**Task brief**
Consider the listing below. Extract exactly the lines from the line containing "I nostri contatti" to the line containing "Afgelopen weekend vond", both included.

Dataset content Block Start

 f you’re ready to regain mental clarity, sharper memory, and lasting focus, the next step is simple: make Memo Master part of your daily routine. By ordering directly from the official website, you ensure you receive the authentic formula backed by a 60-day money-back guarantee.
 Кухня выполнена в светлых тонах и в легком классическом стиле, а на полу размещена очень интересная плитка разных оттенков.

Dataset content Block End
Dataset content Block Start

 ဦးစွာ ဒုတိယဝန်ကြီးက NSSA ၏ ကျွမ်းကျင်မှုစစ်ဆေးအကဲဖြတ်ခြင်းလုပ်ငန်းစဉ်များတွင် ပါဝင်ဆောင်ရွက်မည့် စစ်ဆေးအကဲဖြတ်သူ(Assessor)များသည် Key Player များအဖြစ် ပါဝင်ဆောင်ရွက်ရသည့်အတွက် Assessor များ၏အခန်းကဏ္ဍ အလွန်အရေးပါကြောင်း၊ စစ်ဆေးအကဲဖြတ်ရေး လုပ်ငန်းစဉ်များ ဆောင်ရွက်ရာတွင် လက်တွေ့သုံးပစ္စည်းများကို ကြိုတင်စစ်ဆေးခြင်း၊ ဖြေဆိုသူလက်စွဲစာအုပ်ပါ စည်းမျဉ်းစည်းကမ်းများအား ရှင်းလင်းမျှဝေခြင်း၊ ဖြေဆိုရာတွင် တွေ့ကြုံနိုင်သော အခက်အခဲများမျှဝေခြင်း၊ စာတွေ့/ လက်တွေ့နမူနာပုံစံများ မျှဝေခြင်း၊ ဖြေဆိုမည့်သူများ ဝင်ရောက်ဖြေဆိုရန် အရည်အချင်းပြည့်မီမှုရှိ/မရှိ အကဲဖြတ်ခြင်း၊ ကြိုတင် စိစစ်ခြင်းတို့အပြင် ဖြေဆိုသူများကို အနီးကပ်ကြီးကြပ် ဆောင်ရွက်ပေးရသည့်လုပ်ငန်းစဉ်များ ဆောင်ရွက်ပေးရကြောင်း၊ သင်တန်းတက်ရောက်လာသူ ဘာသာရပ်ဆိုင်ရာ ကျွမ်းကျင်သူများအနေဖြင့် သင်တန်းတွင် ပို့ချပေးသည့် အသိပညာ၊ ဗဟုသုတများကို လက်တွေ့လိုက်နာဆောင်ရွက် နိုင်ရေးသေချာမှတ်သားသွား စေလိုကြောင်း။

Dataset content Block End
Dataset content Block Start

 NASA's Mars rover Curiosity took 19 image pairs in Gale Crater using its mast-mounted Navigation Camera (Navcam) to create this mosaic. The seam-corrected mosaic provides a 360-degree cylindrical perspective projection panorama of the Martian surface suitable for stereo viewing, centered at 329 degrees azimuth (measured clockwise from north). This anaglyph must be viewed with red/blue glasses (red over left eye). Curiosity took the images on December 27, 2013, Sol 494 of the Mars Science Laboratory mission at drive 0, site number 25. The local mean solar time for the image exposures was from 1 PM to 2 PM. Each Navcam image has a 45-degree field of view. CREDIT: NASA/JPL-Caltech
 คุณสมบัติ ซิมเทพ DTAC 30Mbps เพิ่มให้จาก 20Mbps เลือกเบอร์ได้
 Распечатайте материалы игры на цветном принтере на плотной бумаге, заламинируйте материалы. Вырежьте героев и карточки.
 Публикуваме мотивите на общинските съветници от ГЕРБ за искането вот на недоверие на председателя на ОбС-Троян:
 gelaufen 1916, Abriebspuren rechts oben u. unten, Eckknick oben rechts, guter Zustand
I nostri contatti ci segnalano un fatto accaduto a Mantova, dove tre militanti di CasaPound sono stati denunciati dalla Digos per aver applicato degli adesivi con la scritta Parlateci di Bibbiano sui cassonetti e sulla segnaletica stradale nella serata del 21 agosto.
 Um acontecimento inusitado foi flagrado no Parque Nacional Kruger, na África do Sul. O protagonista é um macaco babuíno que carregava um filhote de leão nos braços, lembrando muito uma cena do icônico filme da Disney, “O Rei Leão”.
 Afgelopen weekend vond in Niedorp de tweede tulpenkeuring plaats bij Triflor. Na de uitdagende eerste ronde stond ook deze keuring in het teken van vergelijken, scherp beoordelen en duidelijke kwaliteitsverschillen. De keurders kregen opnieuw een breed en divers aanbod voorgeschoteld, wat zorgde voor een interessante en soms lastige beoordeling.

Dataset content Block End

**Answer**
I nostri contatti ci segnalano un fatto accaduto a Mantova, dove tre militanti di CasaPound sono stati denunciati dalla Digos per aver applicato degli adesivi con la scritta Parlateci di Bibbiano sui cassonetti e sulla segnaletica stradale nella serata del 21 agosto.
 Um acontecimento inusitado foi flagrado no Parque Nacional Kruger, na África do Sul. O protagonista é um macaco babuíno que carregava um filhote de leão nos braços, lembrando muito uma cena do icônico filme da Disney, “O Rei Leão”.
 Afgelopen weekend vond in Niedorp de tweede tulpenkeuring plaats bij Triflor. Na de uitdagende eerste ronde stond ook deze keuring in het teken van vergelijken, scherp beoordelen en duidelijke kwaliteitsverschillen. De keurders kregen opnieuw een breed en divers aanbod voorgeschoteld, wat zorgde voor een interessante en soms lastige beoordeling.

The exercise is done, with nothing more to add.